I guess it could be worse. She could have Martha Stewart on.

Tuesday, March 21, 2006

Cyber Reunion


A couple of years ago I was suppose to have my first high school reunion, but for some reason it never happened. You know that speech they give you when electing class officals your senior year, telling you to choose carefully because these are the people planning all the reunions Yeah, me either, but apparently they did try to warn us. The most popular theory is that our class president was in jail, but I haven't heard proof of that yet. Today I got a monthly reminder from one of the reunion type web sites that once again no one had updated anything and that since I refuse to pay them money I can not access any of the information even if it was there.

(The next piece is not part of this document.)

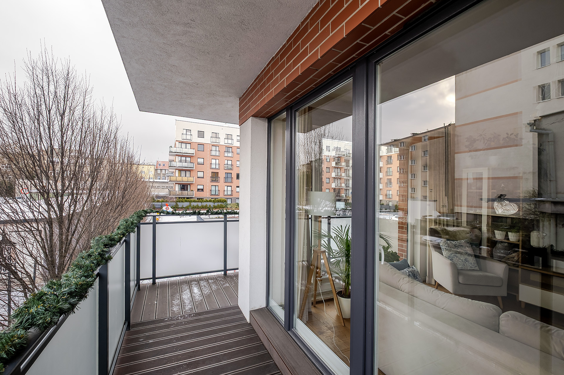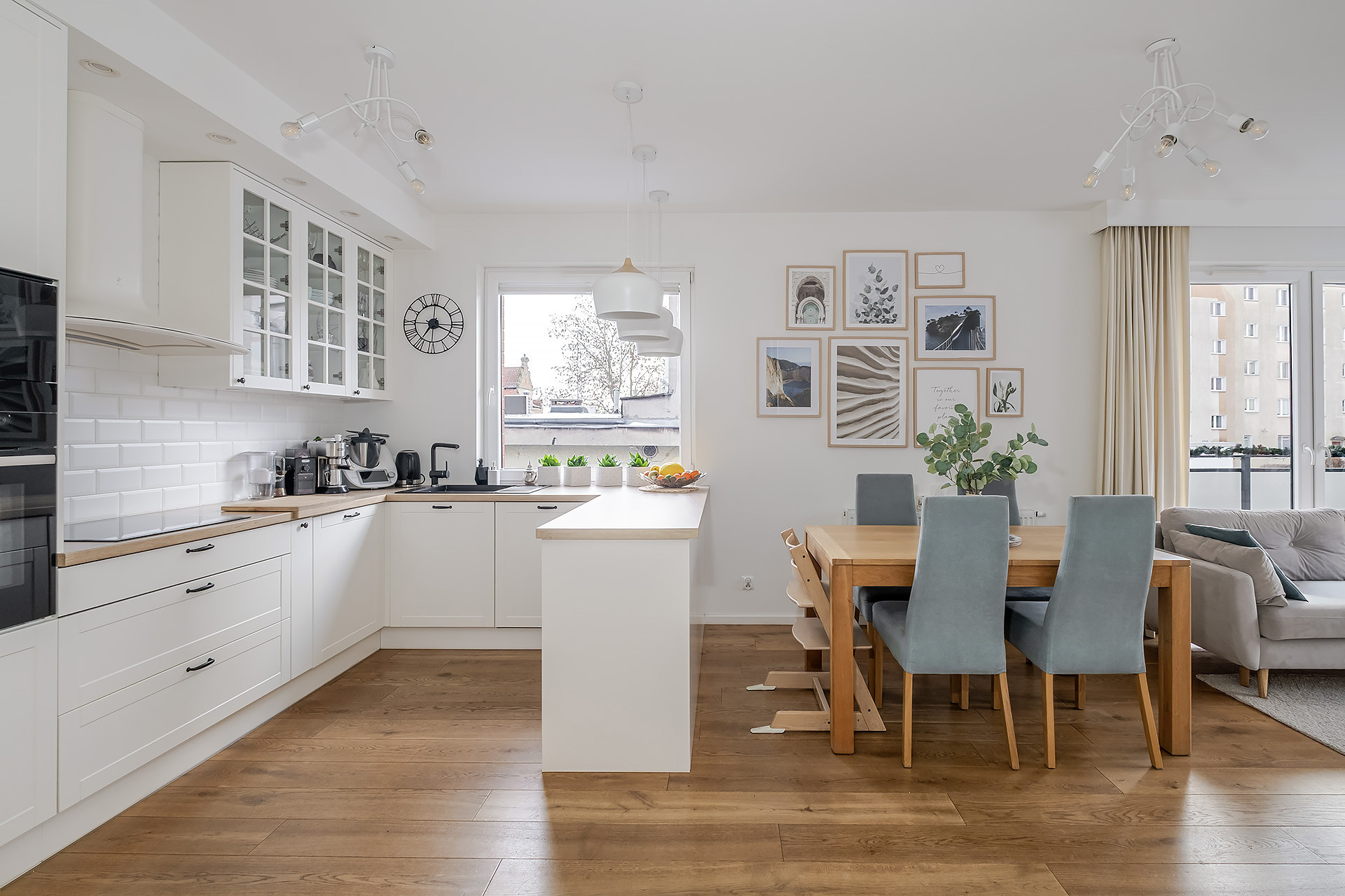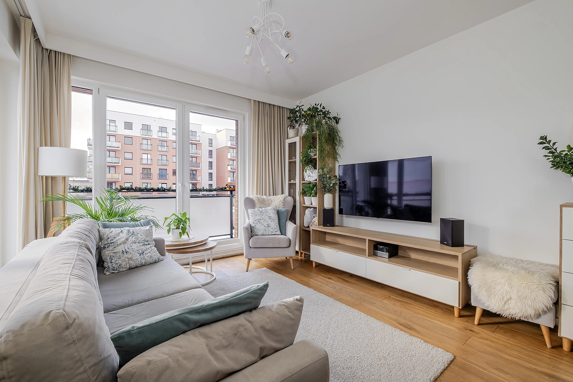 Mieszkanie zostało wykończone w jasnych, ciepłych barwach, z dębową deską na podłodze, która nadaje wnętrzu elegancji i naturalnego charakteru. Zabudowa kuchenna oraz szafy zostały wykonane na wymiar przez stolarza, a kuchnia wyposażona jest w wysokiej klasy sprzęt AGD marki Bosch. Dodatkowym atutem jest system alarmowy z powiadomieniami SMS.

It got me to thinking. Most of the people I really want to see again are people I have kept in touch with anyway. All I really want to know is if the cheerleaders are fat, if the jocks have lost thier hair, and if that guy who picked on me is as much a loser now as he was then. Instead of wasting a trip to TN to spend time with people, 50% of which I was never really friends with, why don't we have a cyber reunion. Sign in, post a full length picture of you and your spouse, list your job, the number of kids you have, and the number of times you have been married. Then we could have a gossip section to post things about people who haven't signed up yet. Maybe one of these days I'll feel like putting that together. For now I'll just have to wait another15 years and see if Rusty gets sprung in time to pull something together. :) (btw, I totally made up the jail thing)

I'll get things started. I'm still thin, I have two kids, and one husband. I'm a stay at home mom and loving it.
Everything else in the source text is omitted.